= Beginning of Section =
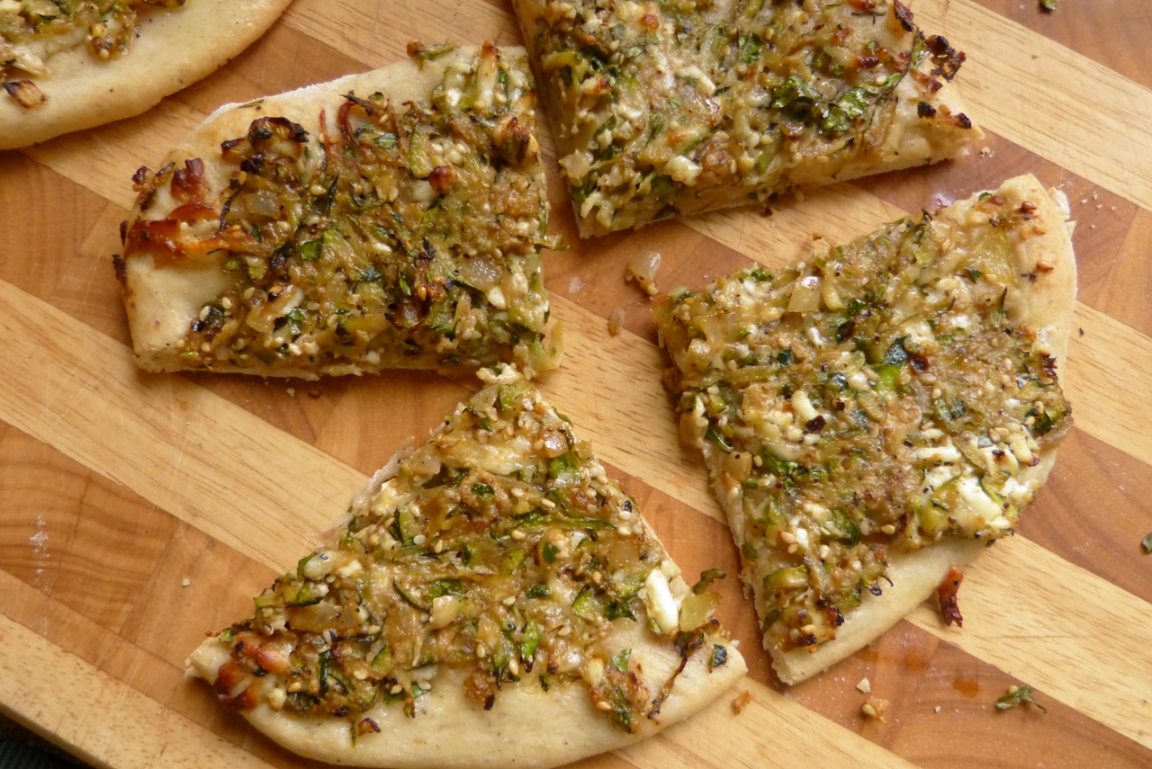 Hier besteht der Belag aus geriebener Zucchini (man kann auch gut eine dieser Monster-Keulen verwenden), zwei Sorten Käse und Nüssen – das ist klasse und wird wiederholt werden.
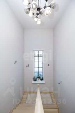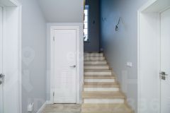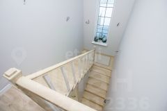 Лестница из бетона. Ступени и перила выполнены из массива сосны. На стенах выведена линия для светильников. Установлены проходные выключатели. Для естественного освещения лестничного пространства пред
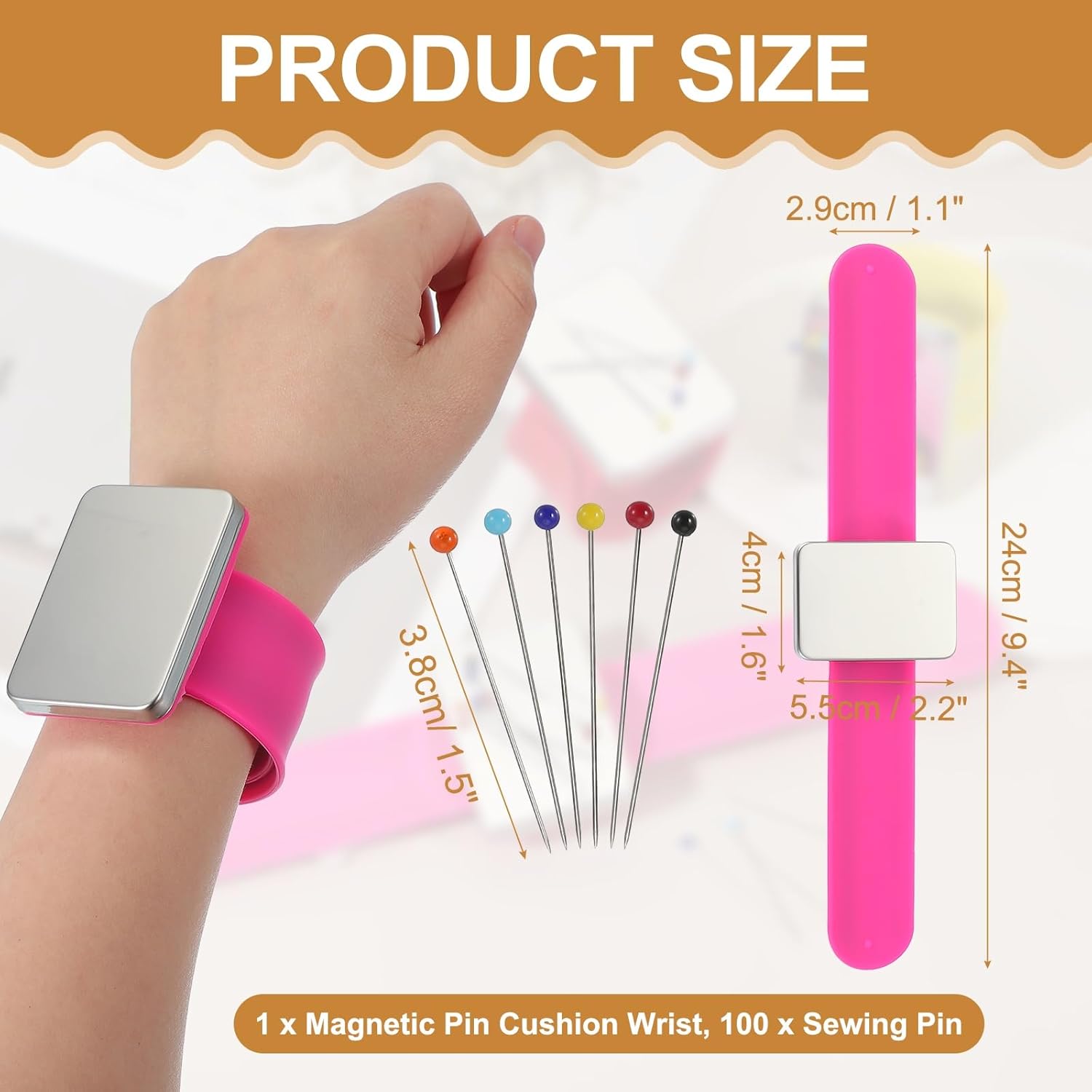 - Specification: Color: Rose Red; Material: Silicone, Magnet; Wrist Size: 24 x 2.9 cm/ 9.4 x 1.1 inch (L*W); Pin Cushion: 5.5 x 4 cm/ 2.2 x 1.6 inch (L*W); Sewing Pins Length: 3.8 cm/ 1.5 inch; Packing List: 1 x Magnetic Wrist Pin Cushions for Sewing, 100 x Sewing Pin
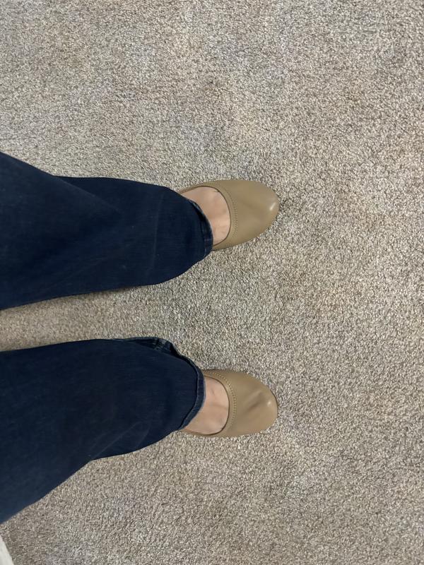 The leather Emmie Ballet Flat is stylish and can be worn with anything! The shoe fits to size. I wear 8.5 medium, and these fit perfectly! They and light weight, reasonably priced and are comfy! I walk with a cane, and these are the only shoes I can wear!
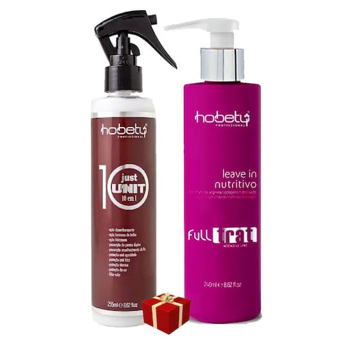 Hobety Full Trat Leave-in 240g + Just Unit 10em1 255ml Full trat leave-in nutritivo 240g Creme de pentear sem enxágue para finalização da hidratação. Contém filtro solar e atua como protetor térmico no uso de escova ou chapinha. Possui como ativos a ARGININA, que forma uma película externa bloqueando a entrada de resíduos de poeira, vento e poluição, e COLÁGENO, que trata de dentro para fora. O COLÁGENO alinha as cutículas, preenchendo os espaços vazios deixados pelo uso de químicas diversas, além de recuperar a elasticidade natural e o balanço dos cabelos. Ajuda a reter água nos fios, evitando a quebra e a queda e, principalmente, mantendo o efeito hidratado durante todo o dia.
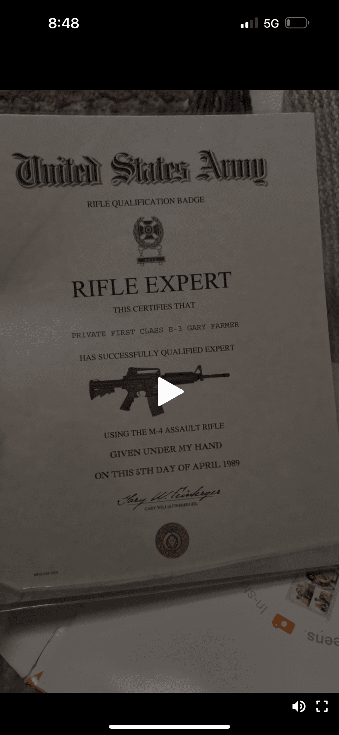 The M-4 carbine was not introduced to U.S. Army service until the mid-1990s. It did not exist as a standard-issue Army weapon in 1989. Soldiers qualify on the M16A1 or M16A2 rifle. Claiming to have qualified expert on the M-4 in 1989 is the equivalent of claiming you drove a Toyota Prius (he actually drives a Prius) in 1950. It is an anachronism so stark that it proves, on its face, that the certificate was created years later by someone who didn’t know (or didn’t bother to check) what weapons the Army actually used in the late 1980s (even into the 2000’s).
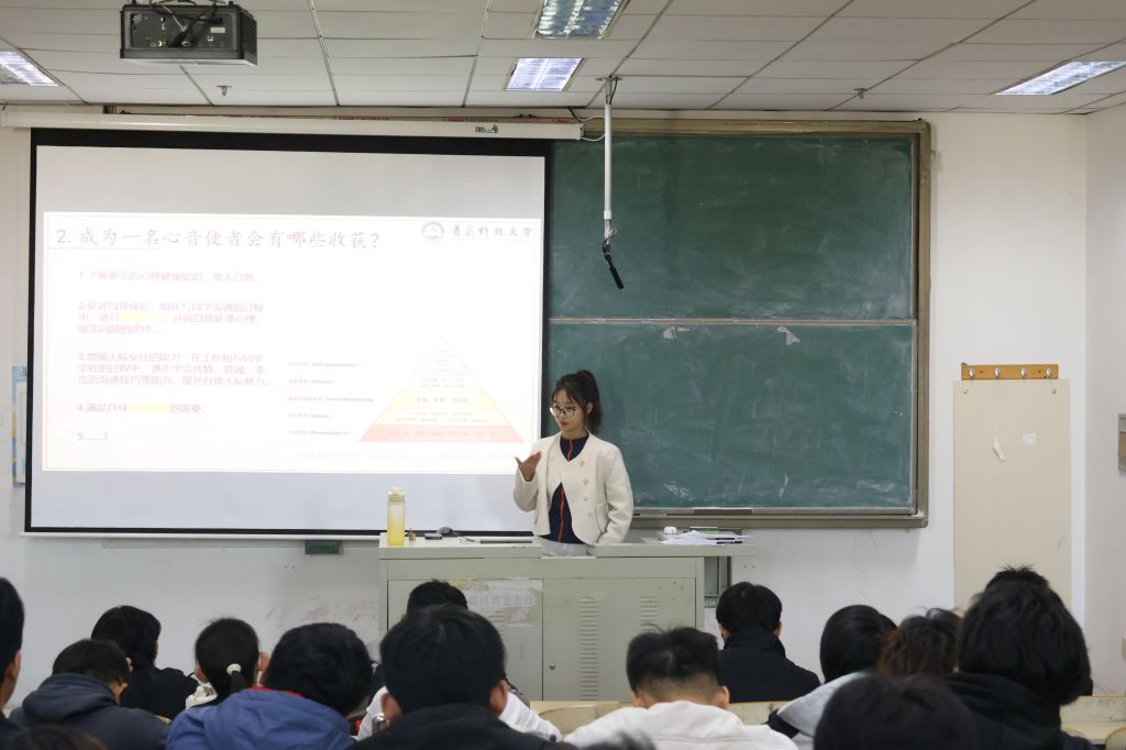 培训会上,丁雅琼围绕心音使者的角色定位、心理异常信号的识别要点、规范上报流程及学校心理支持资源等内容进行了系统讲解。她指出,心音使者作为宿舍层面的重要力量,具有贴近同学、善于观察、反应迅速等天然优势,是学院心理育人工作的“前哨”和“触角”,承担着早期发现、及时上报的关键职责。
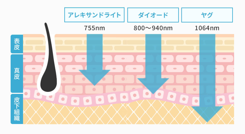 可能な限り少ない回数で、効率的に脱毛を進めるためには、自分の肌質・毛質に合った脱毛機を導入しているかをチェックすることが重要です。レーザー波長
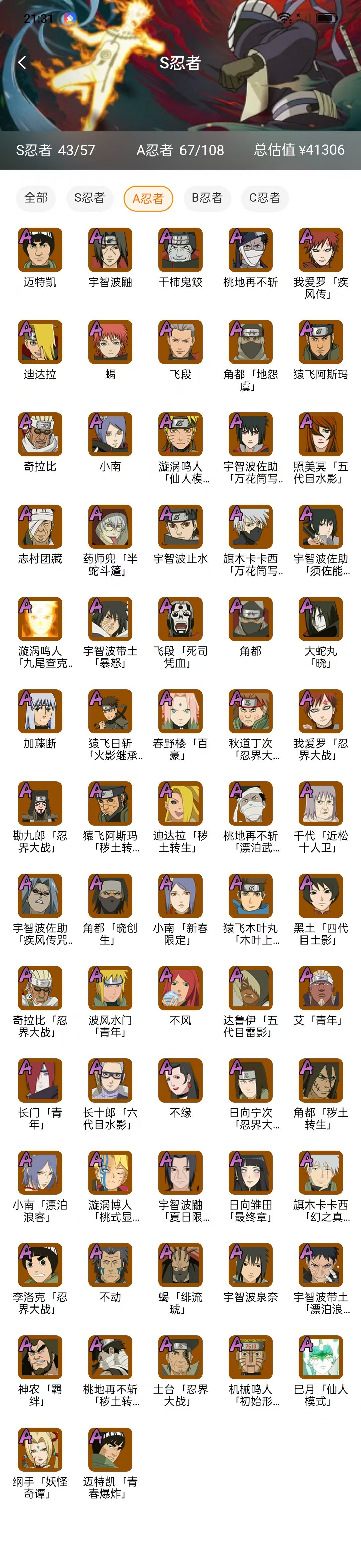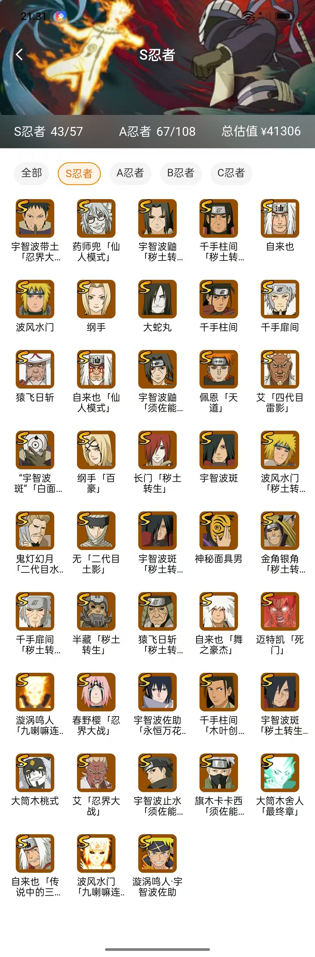 43S❤️舍人❤须佐卡卡西❤九喇嘛水门❤忍战带土❤死门凯❤秽土长门❤
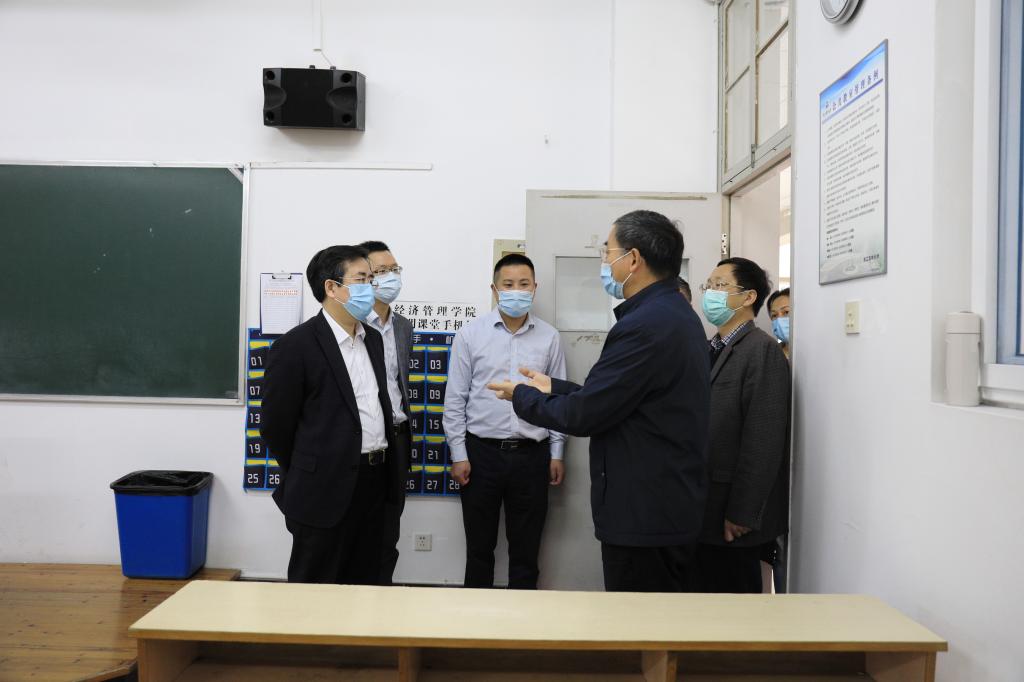 校長應義斌,校黨委副書記馮尚申,副校長胡祖吉、徐愛俊一行來到衣錦校區南門、教室,學術交流中心(居家觀察點)、聯建公寓大門學生返校報到檢測點和寢室、食堂檢查指導工作。
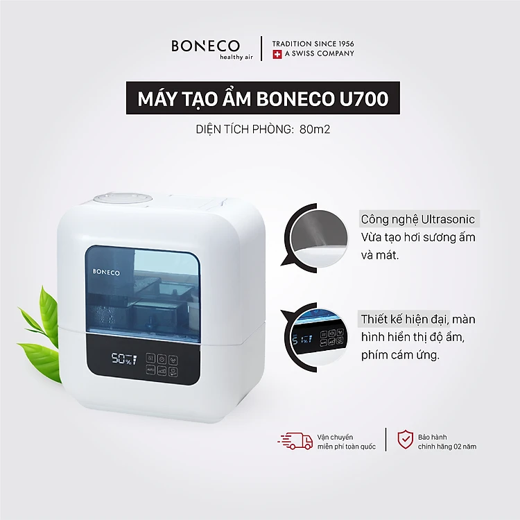 Máy tạo ẩm BONECO U700 mang lại độ ẩm lý tưởng cho căn phòng giúp bảo vệ hệ hô hấp, bảo vệ làn da, sức đề kháng đồng thời giúp giảm lượng bụi gây ô nhiễm không khí.
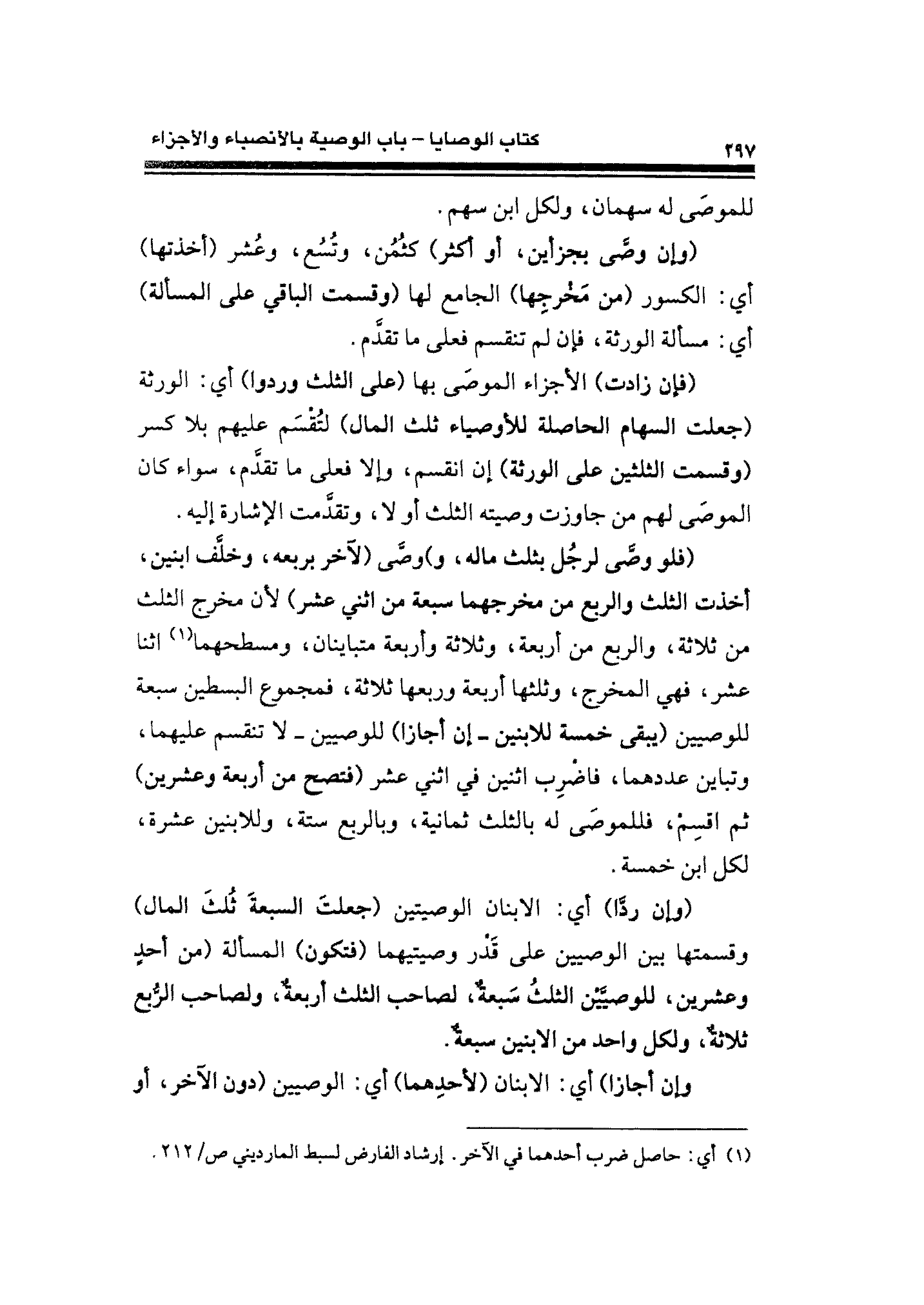 (¬١) أي: حاصل ضرب أحدهما في الآخر، إرشاد الفارض لسبط المارديني ص / ٢١٢.
= End of Section =
▸ **WORK REQUIRED**: The answer must be an exact copy of the lines above, from the start of the records through the line with "Лестница из бетона.", and of nothing else; no pictures belong in it.

▸ **ANSWER BELOW**:
 Hier besteht der Belag aus geriebener Zucchini (man kann auch gut eine dieser Monster-Keulen verwenden), zwei Sorten Käse und Nüssen – das ist klasse und wird wiederholt werden.
 Лестница из бетона. Ступени и перила выполнены из массива сосны. На стенах выведена линия для светильников. Установлены проходные выключатели. Для естественного освещения лестничного пространства пред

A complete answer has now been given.